Using XCP to Copy Files In and Out of the System

XCP is a fast directory copy to/from any combination of local files, AWS S3, and Iguazio V3IO.

Usage

xcp [flags] source dest

Example:

xcp -r -f *.ipynb v3io://webapi:8081/users/iguazio tsts8

Source and Destination

The source and destination are both URLs. For example:

S3 paths:

  • s3:///path
  • s3://<access_key>:<secret_key>@/path

V3IO paths:

  • v3io://<API_URL>//
  • v3io://:@<API_URL>//
  • v3io://:<session_key>@<API_URL>//

Local paths:

  • path/to/files
  • /opt/xyz
  • c:\windows\path

Flags

-r

Recursive (go over child dirs)

-f string

filter string e.g. *.png

-hidden

include hidden files (start with '.')

-empty

include empty files (size=0)

-m int

maximum file size

-n int

minimum file size

-t string

minimal file time e.g. 'now-7d' or RFC3339 date

-v string

log level: info | debug (default "debug")

-w int

number of worker routines (default 8)

Credentials

S3 credentials can be loaded from the standard environment variables (AWS_ACCESS_KEY_ID and AWS_SECRET_ACCESS_KEY). V3IO URL and credentials can be loaded from environment variables (V3IO_API, V3IO_USERNAME, V3IO_PASSWORD, V3IO_ACCESS_KEY).

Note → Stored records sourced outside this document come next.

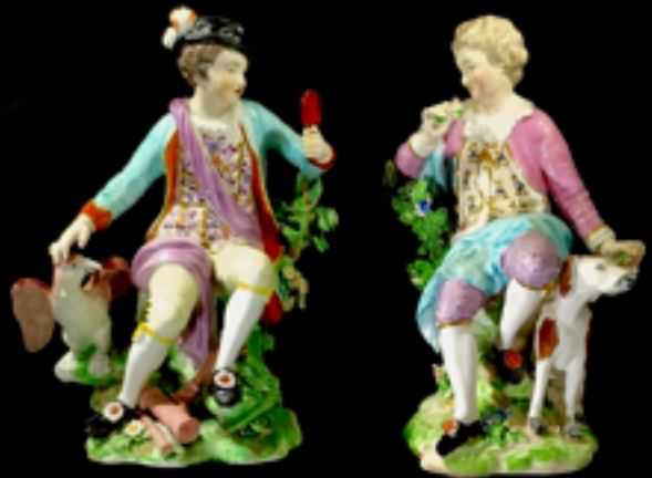
10. Derby pair of figures of two boys from the senses depicting Sight with a mirror and Smell holding a flower to his nose, each seated beside a bird or dog, patch marks, 7 ins. H. c. 1765 -75
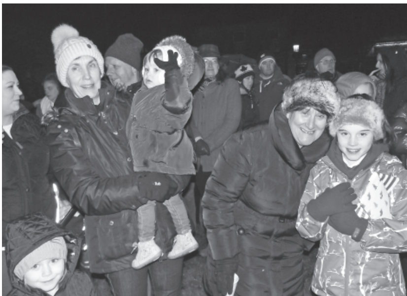
The large crowd certainly enjoyed themselves despite the torrential rain.
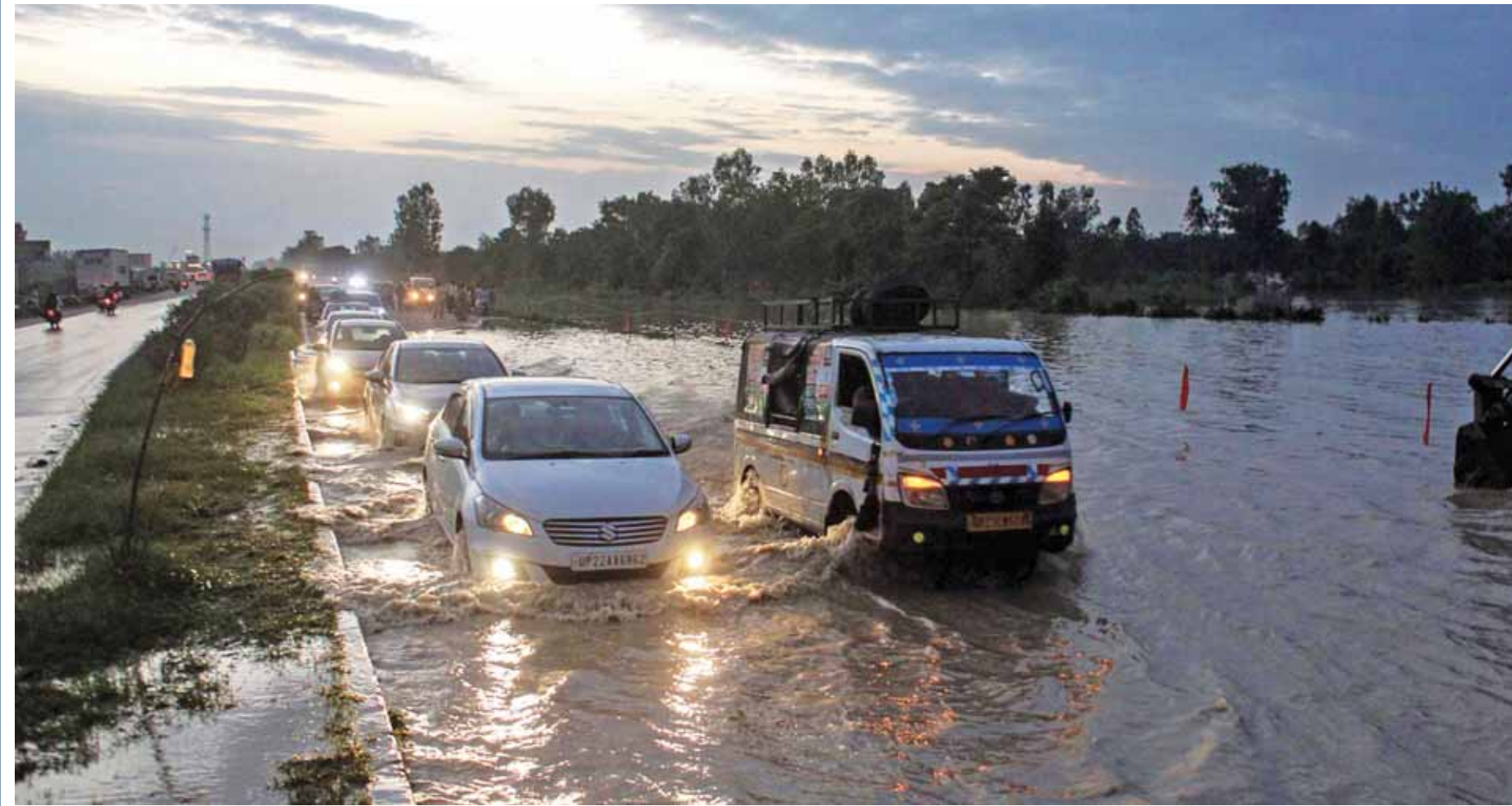
Vehicles pass through the waterlogged NH 24 after heavy rains, in Moradabad, Saturday
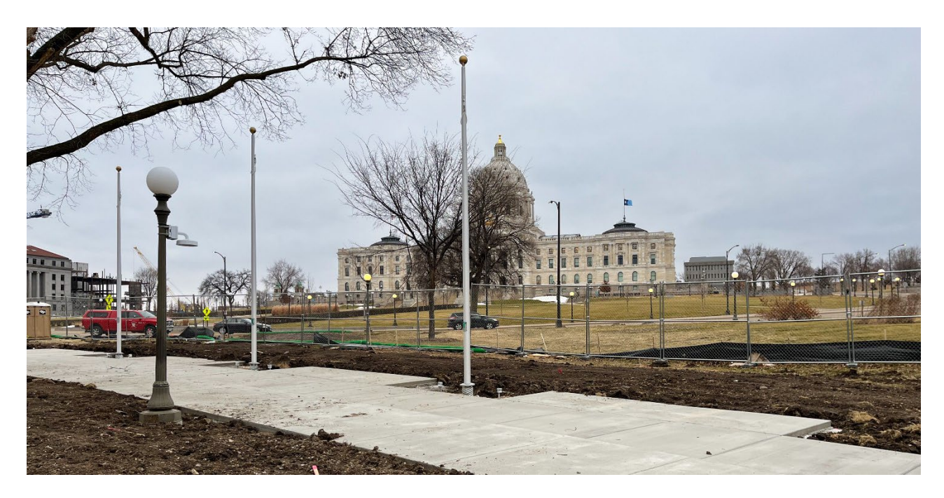
Photo showing construction of the Tribal Flag Plaza – the first segment in the implementation of the Commemorative Circle
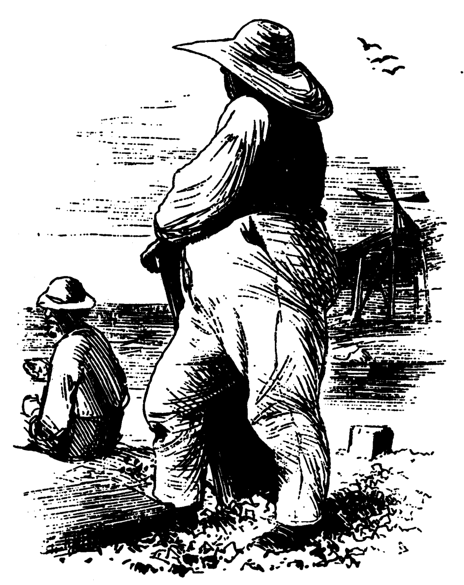
THE SKIPPER OF MARION.
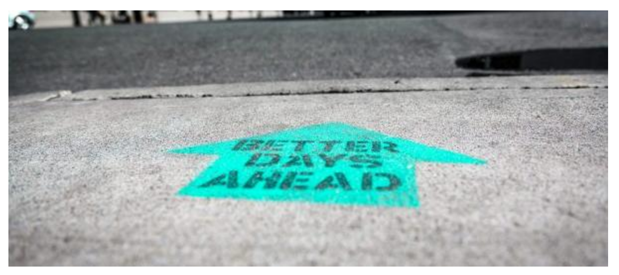
2021: A year for Optimism

Converting a CSV File to a NoSQL Table

The unified data model of the platform allows you to ingest a file in one format and consume it in another format. The [basic-data-ingestion-and-preparation] (https://github.com/v3io/tutorials/tree/v3.5.5/data-ingestion-and-preparation/basic-data-ingestion-and-preparation.ipynb) platform tutorial Jupyter notebook presents a Python example code for converting a CSV file to a NoSQL table.

Note
  • To run the Jupyter Notebook example, you first need to create the respective notebook service. See Creating a New Service.